The 2026 CrossFit Games Are in San Jose — 20th Anniversary, Biggest Stage Yet

The 2026 CrossFit Games Are in San Jose — 20th Anniversary, Biggest Stage Yet

July 24–26 at SAP Arena. Twenty years of finding the Fittest on Earth. Tickets are on sale now — here's everything you need to know.

BoxJunkies Editorial9 min read

Mark your calendars, clear your schedules, and start saving for flights to Northern California: the 2026 CrossFit Games are heading to San Jose, California, and this isn't just another Games. This is the 20th anniversary of the competition that started in a dusty ranch in Aromas with a handful of athletes and a pull-up bar bolted to a tree.

Twenty years later, CrossFit has grown into a global fitness phenomenon with millions of practitioners, thousands of affiliated gyms, and a Games competition that has become the ultimate test of human fitness. The choice of San Jose — just 40 miles north of where it all began — is a deliberate homecoming, a full-circle moment for a sport that has changed the fitness industry forever.

Here's everything we know about the 2026 CrossFit Games, why San Jose matters, and what this 20th anniversary edition means for the future of the sport.

San Jose: Why This Venue Matters

A Return to California Roots

The CrossFit Games have had a nomadic existence.

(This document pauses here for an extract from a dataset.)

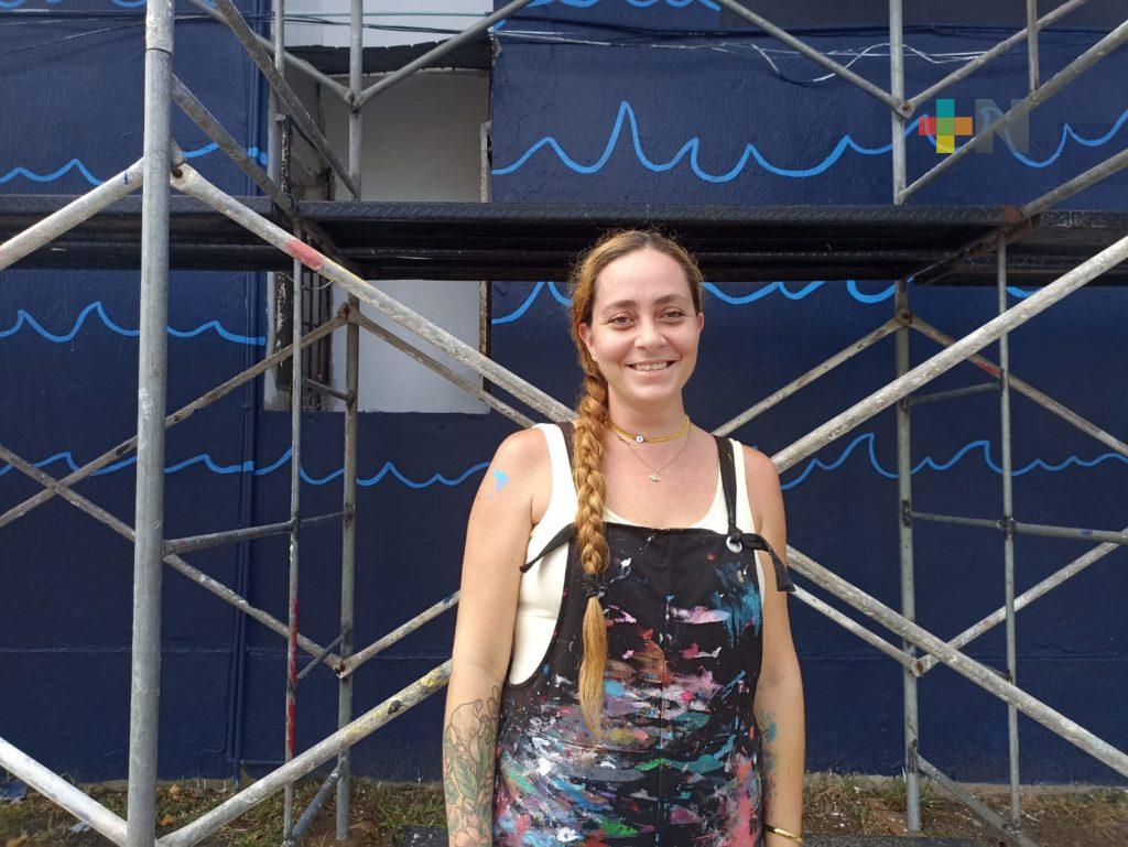 Boca del Río, Ver.- La artista urbana María José Armenta también conocida como «María Love», se convirtió en la primera mujer que pinta un mural sola dentro del proyecto Art Distric de Boca del Río.

From the original Aromas ranch (2007-2010) to the Home Depot Center in Carson (2010-2014), from StubHub Center/Dignity Health Sports Park (2015-2018) to Madison, Wisconsin (2017-2023), and the brief stint in Fort Worth, Texas (2024-2025), the Games have never stayed in one place for too long.

San Jose represents a return to CrossFit's California DNA. The Bay Area is where Greg Glassman first codified his training methodology, where the earliest CrossFit gyms opened, and where the competitive fitness culture was born. Hosting the 20th anniversary here isn't just logistically convenient — it's symbolically powerful.

  • PayPal Park (home of the San Jose Earthquakes MLS team) is the rumored primary venue, offering a 18,000-seat outdoor stadium perfect for competition events
  • The wider San Jose area provides access to open water, trails, hills, and facilities for the varied terrain events the Games are known for
  • Silicon Valley's infrastructure means excellent hotels, transport, and tech support for the increasingly complex broadcast production

Key takeaway: After years in the Midwest and Texas, the Games returning to California is a statement: CrossFit is coming home for its biggest birthday yet.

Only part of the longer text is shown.